You are entirely correct, Peter. There are several
ways of finding the average of a given set of data, namely, the mean,
the median and the mode. Last week I used the mean to demonstrate that
the opinion of a few people can accurately represent that of the whole
population. I started off by looking at the “average” height of an adult
male.
In that example, I was right to use the mean
(strictly speaking, arithmetic
mean) as the average because the data is unlikely to be widely
scattered – the height of adult males is fairly restricted within a
narrow range. However, if I was looking for the height of a human being,
the story would be different.
The data would vary from very many one-foot babies to
very few basketball playing giants. In that case, the mean would be a
misleading average and the median would be preferred.
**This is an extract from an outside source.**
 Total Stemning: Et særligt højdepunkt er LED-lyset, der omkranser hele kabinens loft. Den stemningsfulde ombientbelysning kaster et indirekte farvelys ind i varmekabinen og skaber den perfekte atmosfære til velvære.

The mode is another average that can also be used. It
is the most frequently occurring value in a set of data. For the height
of adult males (measured to the nearest centimetre), it is unlikely that
any value would appear more than once in a group of ten men.
Nevertheless, the mode is
the preferred average when dealing with discrete values. That is,
numbers of objects that do not come in fractions. For the example, what
is the average number of seats in a public service vehicle in
Kenya?
Now, if you counted the total number of seats in an
group buses, matatus and taxis and then calculated the mean, you would
definitely get an answer with a decimal value, but what is the meaning
of, say, 0.672 of a seat? Nonsense? May be!
It would be better to list down the numbers and then
determine the most frequently occurring one. The answer would be a
discrete quantity without a decimal part – as required. My guess is 14:
there seems to be more 14-seaters than any other kind.
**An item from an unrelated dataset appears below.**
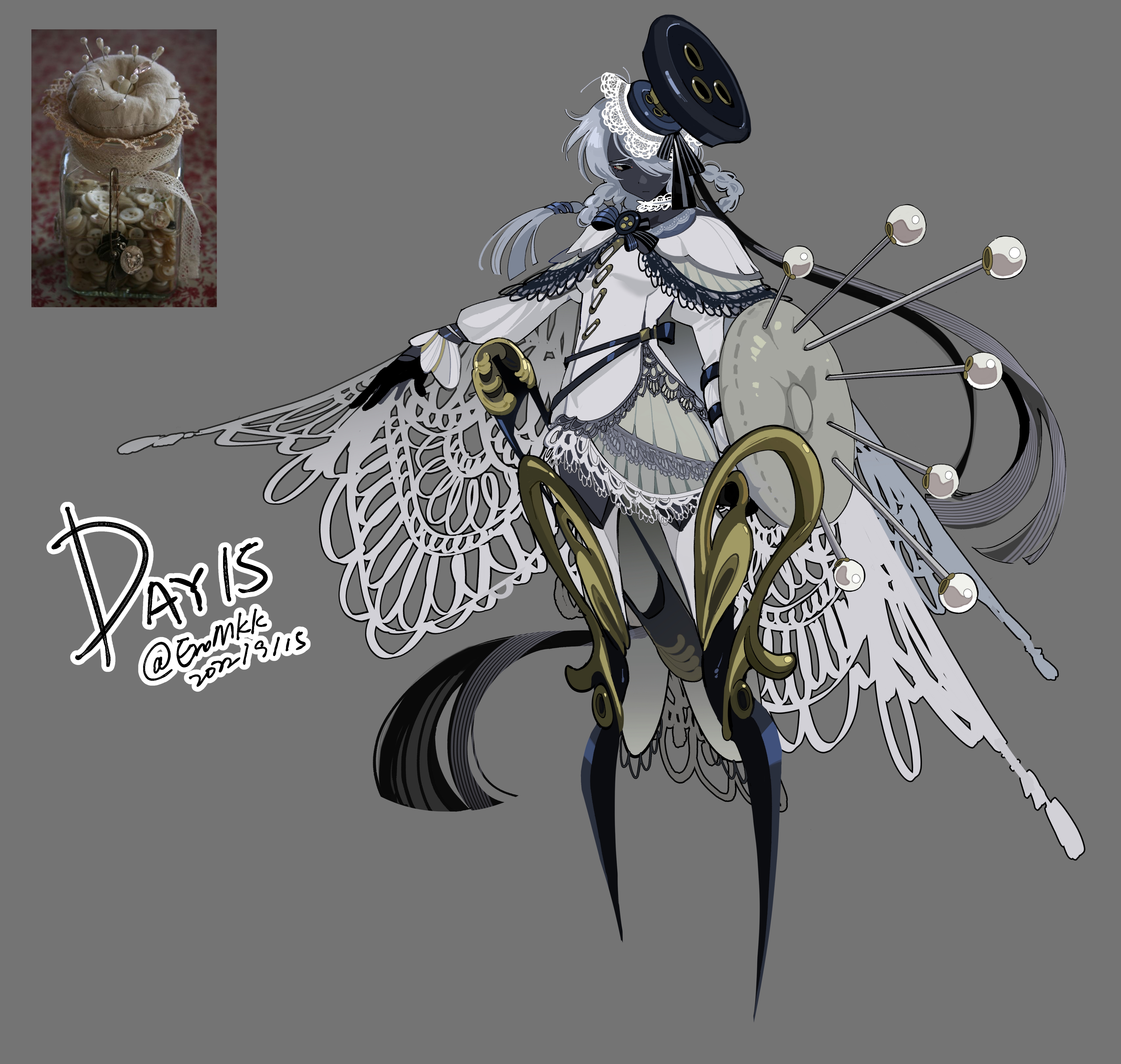 1girl absurdres artist_name black_bow black_bowtie black_sclera black_skin bow bowtie braid buttons cape capelet chinese_commentary colored_sclera colored_skin commentary_request dated eromkk frown full_body grey_background grey_hair hair_over_one_eye hair_ribbon hair_rings highres jacket jar lace-trimmed_capelet lace-trimmed_headwear lace-trimmed_jacket lace_cape lace_trim looking_to_the_side medium_hair one_eye_covered original personification photo_inset pin pincushion reference_inset ribbon shield sideways_glance signature simple_background solo standing striped_bow striped_bowtie striped_clothes twin_braids white_cape white_capelet white_eyes white_jacket

Many people don’t know that there are two types of
mean – arithmetic and geometric. The most commonly used is the first
kind, where you add all the data and divide by the number of values. To
get the geometric mean, the numbers are multiplied and then the “n-th”
root of the product is determined
For example, if there two values, then find the
square root of the product; if there are three numbers, get the cube
root of the product; four values, the fourth root and so on. But why
would one need to do things in such a complicated way? Well, that is a
story for another day.
|